Federal regulators’ latest efforts to dampen the red-hot Canadian housing market are a positive for Canada’s big banks, says Moody’s Investors Service.
Last week, the Office of the Superintendent of Financial Institutions (OSFI) proposed raising the qualification standard for uninsured mortgage loans, meaning borrowers would have to be able to demonstrate the ability to make their mortgage payments amid higher rates.
OSFI said current conditions in the housing market are putting lenders at increased risk, and said it was taking action to ensure the banks remain resilient.
“The minimum qualifying rate adds a margin of safety that ensures borrowers will have the ability to make mortgage payments in the event of change in circumstances, such as the reduction of income or a rise in mortgage interest rates,” the regulator said.

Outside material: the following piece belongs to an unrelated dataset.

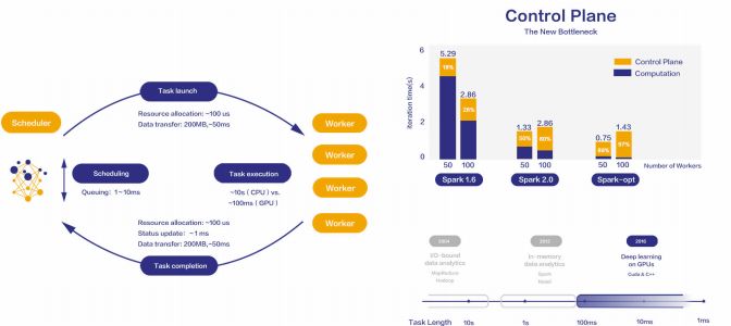左图展示了一个常见的大数据处理引擎的架构,集群中的计算资源一般分成用于中心调度的 Master 节点和用于处理数据的 Worker 节点。Master 节点以有向无环图(DAG)的方式管理整个作业的进度,同时监控所有 Worker 的资源使用状况,在合适的时机把一个子任务(Task)分配给某个 Worker 去做,某个 Worker 在完成一个子任务之后,会向 Master 节点汇报,等待 Master 分配新的任务。在传统大数据处理中,Worker 执行一个子任务的时间量级一般在几十秒钟或数分钟。其它开销,诸如发生在 Master 节点那里的排队开销,Master 和 Worker 之间对话的时间开销,以及数据传输开销都是数十毫秒,相对于 Worker 的工作时间可以被忽略。但是深度学习训练的负载与此不同,深度学习训练更接近流式计算,一方面是因为随机梯度下降算法采用的小批次训练,计算粒度小,另一方面是因为底层硬件吞吐率可能是 CPU 的数十倍,计算太快。直接后果就是,数据处理时间越来越短,每个子任务可能几百毫秒就完成了,在这种情况下,之前可忽略的那种几十乃至几百毫秒的开销就非常显著了,如果不能通过技术手段把这些开销消除或掩盖掉,整个系统的性能就非常低。

In a research note, Moody’s said that an increase of the qualification standard is a positive for the Canadian banks. The new test “will reinforce their sound mortgage underwriting practices and reduce the likelihood of asset quality erosion, and future credit losses in a time of rapidly rising housing prices in Canada,” Moody’s said.
The rating agency noted that, while a large share of Canadian mortgages carry government-backed mortgage insurance, the government is seeking to reduce its exposure to the housing market over time.
“Therefore, we expect the proportion of uninsured mortgages to increase once the government’s pandemic response winds down,” it said.
In the meantime, it said the proposed higher hurdle rate will reinforce strong mortgage underwriting standards, “thereby limiting credit losses that banks cannot shift to the government.”